What to work on
In the listing below, find the line with "[Personal Address List/User" and copy every line from there up to and including the line with "Korean Retro Color", exactly and without pictures.

[Input material Boundary: Start]

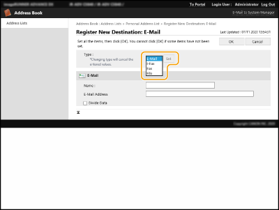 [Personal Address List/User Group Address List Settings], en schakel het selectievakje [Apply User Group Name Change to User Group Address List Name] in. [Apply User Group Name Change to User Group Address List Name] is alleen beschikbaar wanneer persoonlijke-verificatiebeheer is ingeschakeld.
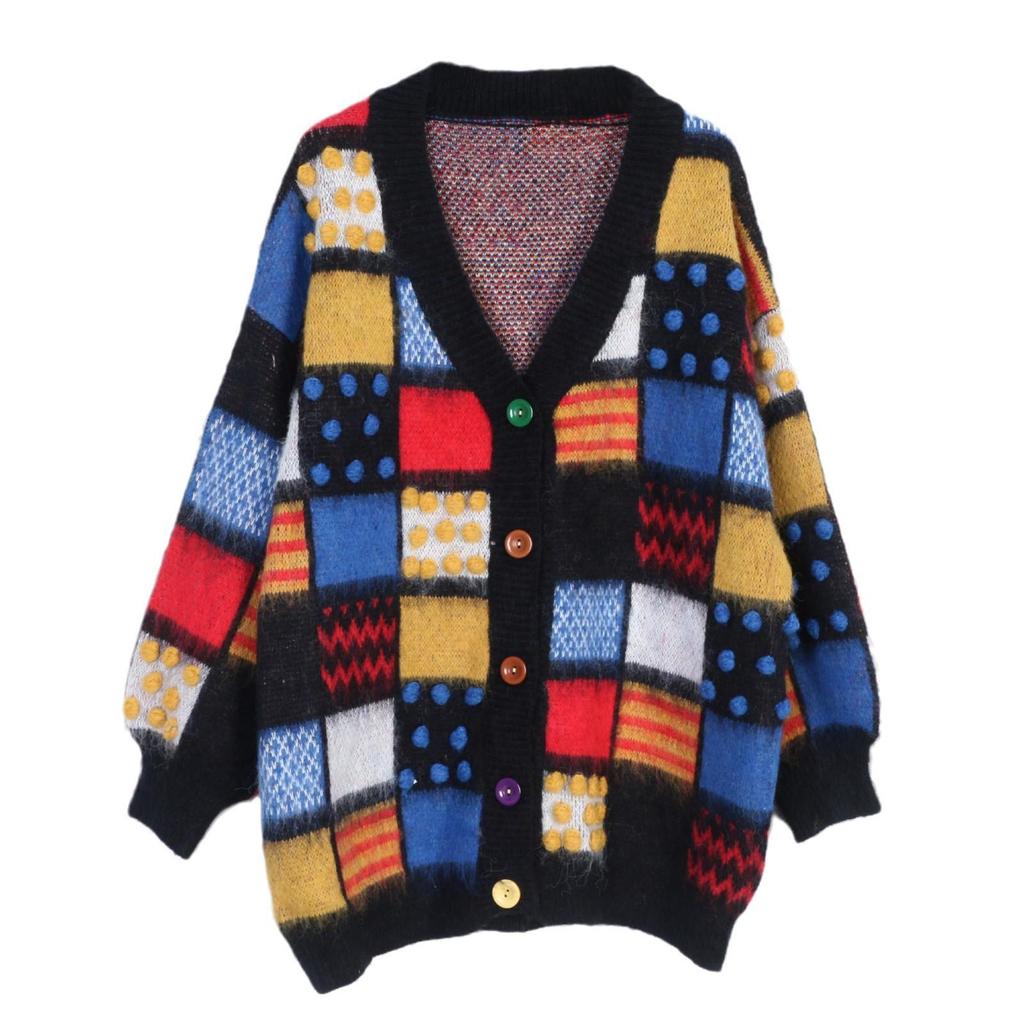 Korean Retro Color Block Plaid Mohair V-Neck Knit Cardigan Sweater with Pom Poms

[Input material Boundary: End]
[Input material Boundary: Start]

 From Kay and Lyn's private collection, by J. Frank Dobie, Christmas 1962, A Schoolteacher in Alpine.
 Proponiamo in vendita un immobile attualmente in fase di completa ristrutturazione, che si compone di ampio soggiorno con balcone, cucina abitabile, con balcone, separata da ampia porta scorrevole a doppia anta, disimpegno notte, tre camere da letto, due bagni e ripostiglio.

[Input material Boundary: End]

Task solution
 [Personal Address List/User Group Address List Settings], en schakel het selectievakje [Apply User Group Name Change to User Group Address List Name] in. [Apply User Group Name Change to User Group Address List Name] is alleen beschikbaar wanneer persoonlijke-verificatiebeheer is ingeschakeld.
 Korean Retro Color Block Plaid Mohair V-Neck Knit Cardigan Sweater with Pom Poms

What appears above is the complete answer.